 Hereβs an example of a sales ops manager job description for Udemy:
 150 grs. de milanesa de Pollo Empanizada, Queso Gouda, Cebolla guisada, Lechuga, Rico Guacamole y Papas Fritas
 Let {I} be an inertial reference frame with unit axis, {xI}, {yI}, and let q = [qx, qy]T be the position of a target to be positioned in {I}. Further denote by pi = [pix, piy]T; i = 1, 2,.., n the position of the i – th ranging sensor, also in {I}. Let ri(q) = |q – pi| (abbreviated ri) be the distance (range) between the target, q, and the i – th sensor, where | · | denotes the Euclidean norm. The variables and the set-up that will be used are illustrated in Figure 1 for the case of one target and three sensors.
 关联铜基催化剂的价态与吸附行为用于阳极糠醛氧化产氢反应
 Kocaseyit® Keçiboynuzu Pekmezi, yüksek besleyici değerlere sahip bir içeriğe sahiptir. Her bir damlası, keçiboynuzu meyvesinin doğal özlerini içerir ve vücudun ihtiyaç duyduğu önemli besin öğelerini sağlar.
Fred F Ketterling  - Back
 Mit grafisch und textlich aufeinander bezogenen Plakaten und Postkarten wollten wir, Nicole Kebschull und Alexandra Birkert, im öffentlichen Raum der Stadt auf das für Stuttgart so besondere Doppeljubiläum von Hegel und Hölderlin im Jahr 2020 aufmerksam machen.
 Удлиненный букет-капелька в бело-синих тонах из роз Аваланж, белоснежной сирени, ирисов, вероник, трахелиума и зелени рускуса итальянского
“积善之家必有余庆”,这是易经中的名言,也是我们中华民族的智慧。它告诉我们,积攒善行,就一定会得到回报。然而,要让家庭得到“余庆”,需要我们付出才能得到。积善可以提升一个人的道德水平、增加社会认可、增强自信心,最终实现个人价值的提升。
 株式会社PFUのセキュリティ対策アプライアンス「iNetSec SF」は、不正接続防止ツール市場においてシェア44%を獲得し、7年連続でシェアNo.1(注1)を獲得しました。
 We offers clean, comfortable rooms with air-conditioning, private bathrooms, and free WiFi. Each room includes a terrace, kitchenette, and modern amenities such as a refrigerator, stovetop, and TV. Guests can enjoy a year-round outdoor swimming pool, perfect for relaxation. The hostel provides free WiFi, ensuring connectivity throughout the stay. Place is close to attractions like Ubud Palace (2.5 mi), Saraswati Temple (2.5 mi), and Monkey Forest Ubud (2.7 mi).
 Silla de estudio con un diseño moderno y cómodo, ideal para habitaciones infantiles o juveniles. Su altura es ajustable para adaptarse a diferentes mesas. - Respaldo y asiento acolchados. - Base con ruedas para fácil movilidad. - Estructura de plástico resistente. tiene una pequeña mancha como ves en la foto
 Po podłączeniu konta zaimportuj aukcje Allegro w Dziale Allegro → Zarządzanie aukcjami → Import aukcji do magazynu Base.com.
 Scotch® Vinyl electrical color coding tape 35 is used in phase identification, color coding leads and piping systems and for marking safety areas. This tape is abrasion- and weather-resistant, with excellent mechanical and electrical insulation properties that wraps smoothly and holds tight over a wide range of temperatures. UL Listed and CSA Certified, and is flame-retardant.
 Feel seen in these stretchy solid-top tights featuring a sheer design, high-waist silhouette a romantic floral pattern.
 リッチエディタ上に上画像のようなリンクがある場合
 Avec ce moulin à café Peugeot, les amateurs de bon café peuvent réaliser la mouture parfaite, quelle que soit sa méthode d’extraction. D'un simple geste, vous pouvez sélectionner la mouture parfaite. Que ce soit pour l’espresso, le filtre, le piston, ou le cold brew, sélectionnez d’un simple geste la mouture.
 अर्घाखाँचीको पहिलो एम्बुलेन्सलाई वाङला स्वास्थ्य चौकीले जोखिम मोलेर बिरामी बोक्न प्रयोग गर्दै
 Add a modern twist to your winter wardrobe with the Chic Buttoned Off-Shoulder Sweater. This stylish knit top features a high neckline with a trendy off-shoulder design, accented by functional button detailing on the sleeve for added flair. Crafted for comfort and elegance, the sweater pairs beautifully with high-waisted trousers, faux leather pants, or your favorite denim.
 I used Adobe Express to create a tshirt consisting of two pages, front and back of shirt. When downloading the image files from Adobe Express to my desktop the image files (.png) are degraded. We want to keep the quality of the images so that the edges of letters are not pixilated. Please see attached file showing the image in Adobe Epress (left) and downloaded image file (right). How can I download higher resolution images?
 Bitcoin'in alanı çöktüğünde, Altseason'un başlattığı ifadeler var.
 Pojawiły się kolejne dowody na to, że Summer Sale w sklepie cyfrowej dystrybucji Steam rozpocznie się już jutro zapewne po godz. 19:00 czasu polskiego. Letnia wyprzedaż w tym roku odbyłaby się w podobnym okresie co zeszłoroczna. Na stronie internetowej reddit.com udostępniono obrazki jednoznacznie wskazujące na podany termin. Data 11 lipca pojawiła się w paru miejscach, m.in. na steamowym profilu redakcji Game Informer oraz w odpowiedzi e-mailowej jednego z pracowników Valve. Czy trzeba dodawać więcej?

* * * * * * *

Activity: Write the records above out again precisely.

Output for this task:
 Hereβs an example of a sales ops manager job description for Udemy:
 150 grs. de milanesa de Pollo Empanizada, Queso Gouda, Cebolla guisada, Lechuga, Rico Guacamole y Papas Fritas
 Let {I} be an inertial reference frame with unit axis, {xI}, {yI}, and let q = [qx, qy]T be the position of a target to be positioned in {I}. Further denote by pi = [pix, piy]T; i = 1, 2,.., n the position of the i – th ranging sensor, also in {I}. Let ri(q) = |q – pi| (abbreviated ri) be the distance (range) between the target, q, and the i – th sensor, where | · | denotes the Euclidean norm. The variables and the set-up that will be used are illustrated in Figure 1 for the case of one target and three sensors.
 关联铜基催化剂的价态与吸附行为用于阳极糠醛氧化产氢反应
 Kocaseyit® Keçiboynuzu Pekmezi, yüksek besleyici değerlere sahip bir içeriğe sahiptir. Her bir damlası, keçiboynuzu meyvesinin doğal özlerini içerir ve vücudun ihtiyaç duyduğu önemli besin öğelerini sağlar.
Fred F Ketterling  - Back
 Mit grafisch und textlich aufeinander bezogenen Plakaten und Postkarten wollten wir, Nicole Kebschull und Alexandra Birkert, im öffentlichen Raum der Stadt auf das für Stuttgart so besondere Doppeljubiläum von Hegel und Hölderlin im Jahr 2020 aufmerksam machen.
 Удлиненный букет-капелька в бело-синих тонах из роз Аваланж, белоснежной сирени, ирисов, вероник, трахелиума и зелени рускуса итальянского
“积善之家必有余庆”,这是易经中的名言,也是我们中华民族的智慧。它告诉我们,积攒善行,就一定会得到回报。然而,要让家庭得到“余庆”,需要我们付出才能得到。积善可以提升一个人的道德水平、增加社会认可、增强自信心,最终实现个人价值的提升。
 株式会社PFUのセキュリティ対策アプライアンス「iNetSec SF」は、不正接続防止ツール市場においてシェア44%を獲得し、7年連続でシェアNo.1(注1)を獲得しました。
 We offers clean, comfortable rooms with air-conditioning, private bathrooms, and free WiFi. Each room includes a terrace, kitchenette, and modern amenities such as a refrigerator, stovetop, and TV. Guests can enjoy a year-round outdoor swimming pool, perfect for relaxation. The hostel provides free WiFi, ensuring connectivity throughout the stay. Place is close to attractions like Ubud Palace (2.5 mi), Saraswati Temple (2.5 mi), and Monkey Forest Ubud (2.7 mi).
 Silla de estudio con un diseño moderno y cómodo, ideal para habitaciones infantiles o juveniles. Su altura es ajustable para adaptarse a diferentes mesas. - Respaldo y asiento acolchados. - Base con ruedas para fácil movilidad. - Estructura de plástico resistente. tiene una pequeña mancha como ves en la foto
 Po podłączeniu konta zaimportuj aukcje Allegro w Dziale Allegro → Zarządzanie aukcjami → Import aukcji do magazynu Base.com.
 Scotch® Vinyl electrical color coding tape 35 is used in phase identification, color coding leads and piping systems and for marking safety areas. This tape is abrasion- and weather-resistant, with excellent mechanical and electrical insulation properties that wraps smoothly and holds tight over a wide range of temperatures. UL Listed and CSA Certified, and is flame-retardant.
 Feel seen in these stretchy solid-top tights featuring a sheer design, high-waist silhouette a romantic floral pattern.
 リッチエディタ上に上画像のようなリンクがある場合
 Avec ce moulin à café Peugeot, les amateurs de bon café peuvent réaliser la mouture parfaite, quelle que soit sa méthode d’extraction. D'un simple geste, vous pouvez sélectionner la mouture parfaite. Que ce soit pour l’espresso, le filtre, le piston, ou le cold brew, sélectionnez d’un simple geste la mouture.
 अर्घाखाँचीको पहिलो एम्बुलेन्सलाई वाङला स्वास्थ्य चौकीले जोखिम मोलेर बिरामी बोक्न प्रयोग गर्दै
 Add a modern twist to your winter wardrobe with the Chic Buttoned Off-Shoulder Sweater. This stylish knit top features a high neckline with a trendy off-shoulder design, accented by functional button detailing on the sleeve for added flair. Crafted for comfort and elegance, the sweater pairs beautifully with high-waisted trousers, faux leather pants, or your favorite denim.
 I used Adobe Express to create a tshirt consisting of two pages, front and back of shirt. When downloading the image files from Adobe Express to my desktop the image files (.png) are degraded. We want to keep the quality of the images so that the edges of letters are not pixilated. Please see attached file showing the image in Adobe Epress (left) and downloaded image file (right). How can I download higher resolution images?
 Bitcoin'in alanı çöktüğünde, Altseason'un başlattığı ifadeler var.
 Pojawiły się kolejne dowody na to, że Summer Sale w sklepie cyfrowej dystrybucji Steam rozpocznie się już jutro zapewne po godz. 19:00 czasu polskiego. Letnia wyprzedaż w tym roku odbyłaby się w podobnym okresie co zeszłoroczna. Na stronie internetowej reddit.com udostępniono obrazki jednoznacznie wskazujące na podany termin. Data 11 lipca pojawiła się w paru miejscach, m.in. na steamowym profilu redakcji Game Informer oraz w odpowiedzi e-mailowej jednego z pracowników Valve. Czy trzeba dodawać więcej?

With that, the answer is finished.